Lecornu has to send a full draft of the text to parliament by October 7, although there is some wiggle room until October 13, after which lawmakers will run out of time to pass the budget by year’s end.
Reactions to Lecornu’s appointment on Tuesday underscored the challenge he faces.
While the hard-left said it would seek to topple Lecornu with an immediate no-confidence motion, the far-right National Rally (RN) signalled tentative willingness to work with him on the budget – as long as its budgetary demands are met.
“His budget will be RN or his government will not be,” RN lawmaker Laure Lavalette posted on X late on Tuesday.

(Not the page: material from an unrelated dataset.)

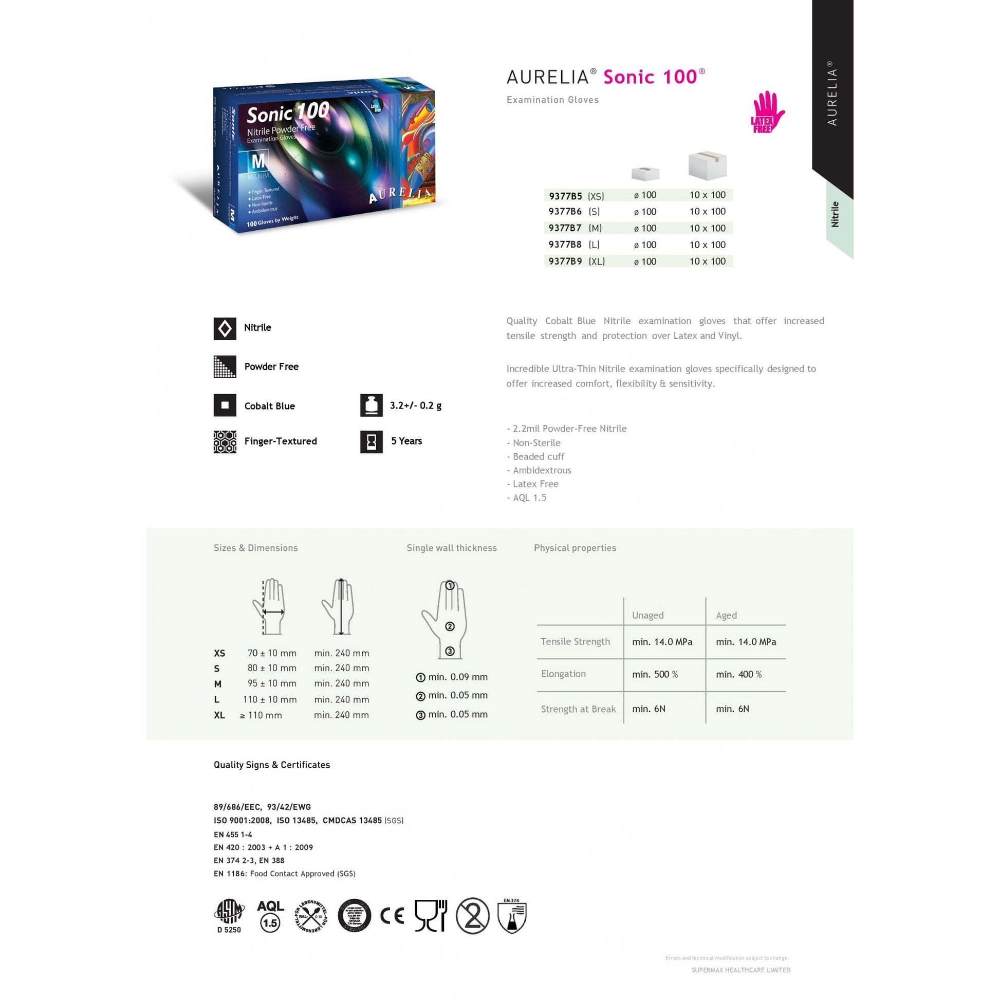 Aurelia Gloves - Sonic 100 Cobalt Blue Nitrile Gloves - Powder Free
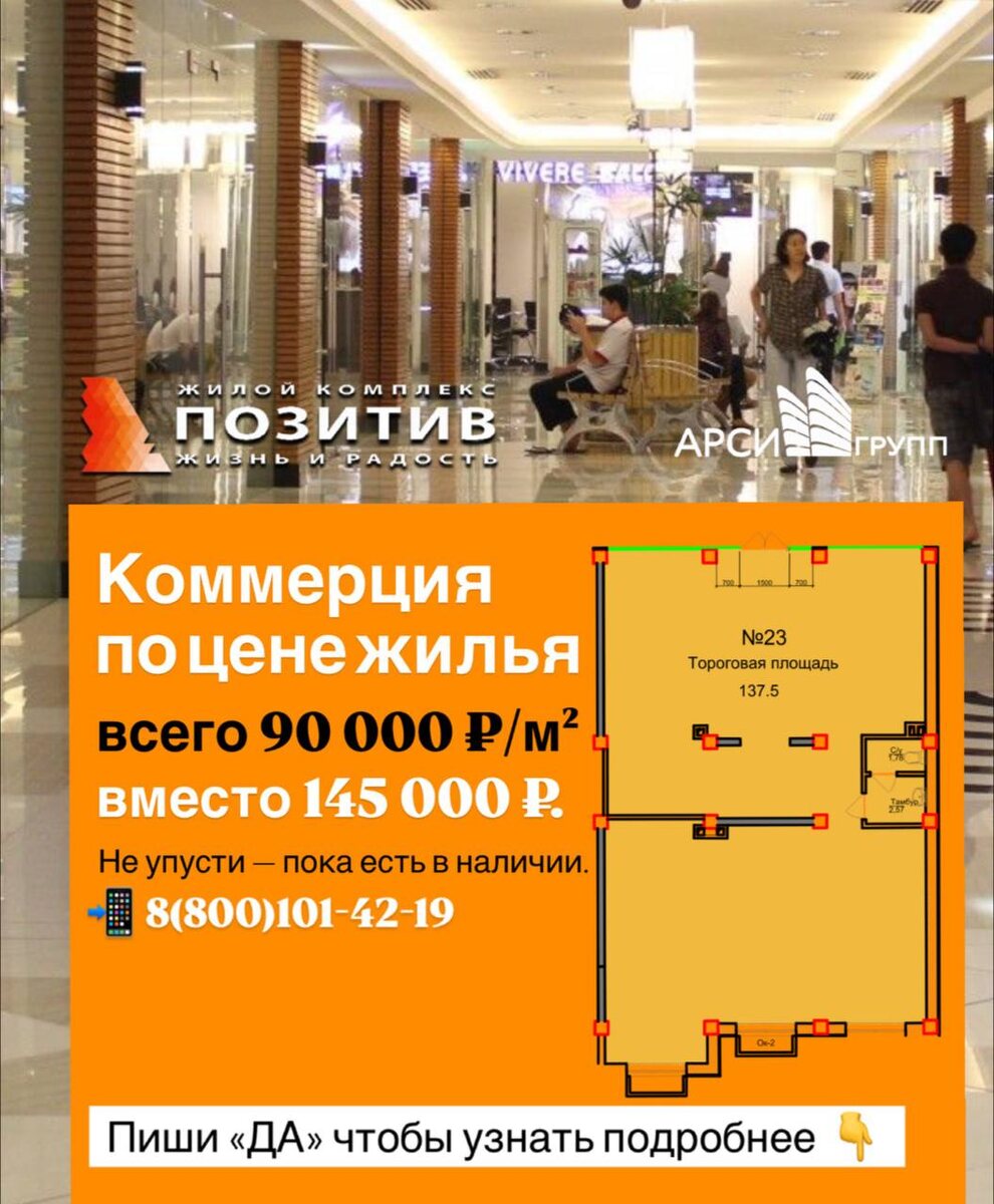 🏢 Коммерческое помещение 137,5 м² — по цене жилья! 😍 Смотрите, какая 🔥 планировка: — Пространство 137,5 м² — Удобная форма для зонирования — Отдельный вход — Витринные окна — Отлично подойдёт под салон, офис, шоурум, медцентр или мини-маркет 📍ЖК «Позитив» — динамичный жилой район с плотной застройкой и отличным автомобильным трафиком. Парковка рядом. Видимость с дороги. Особые условия только сейчас: ✅ Сниженная цена. 🔥 Вместо 145 000 ₽/м² — всего 90 000 ₽/м² Экономия — более 7 млн рублей‼️ ✅ Рассрочка 💬 Есть и другие площади участвующие в акции в этом комплексе — подберём под ваш запрос. 📞 Звоните по номеру: 8(800)101-42-19 Покажем, расскажем,забронируем.

The RN is France’s largest parliamentary party and as such a crucial factor in any potential no-confidence motion. Still, Lecornu is seen as the closest member of Macron’s circle to the RN, having dined with RN president Jordan Bardella last year.
‘BLOCK EVERYTHING’ PROTESTS
Lecornu’s other path involves uniting the Socialists, who want to water down budget cuts and tax the rich, with his former party The Republicans, who are dead-set against any tax rises.
Macron, in an unusual step, called Socialist party leader Olivier Faure on Tuesday to tell him he would not be appointing a leftist as prime minister. On Wednesday, Faure appeared to leave the door ajar to working with Lecornu, while also saying he would support a no-confidence measure if he felt the government didn’t take on board its budgetary priorities.
Thousands of people across France meanwhile took to the streets as part of so-called “Block Everything” protests, an expression of broad discontent with Macron, proposed budget cuts and the entire political class.
“Anger has been rumbling for months, even years,” said Daniel Bretones, a union member protesting in Marseille. “We’re on the fifth prime minister under Macron’s second term, and it has never changed anything.”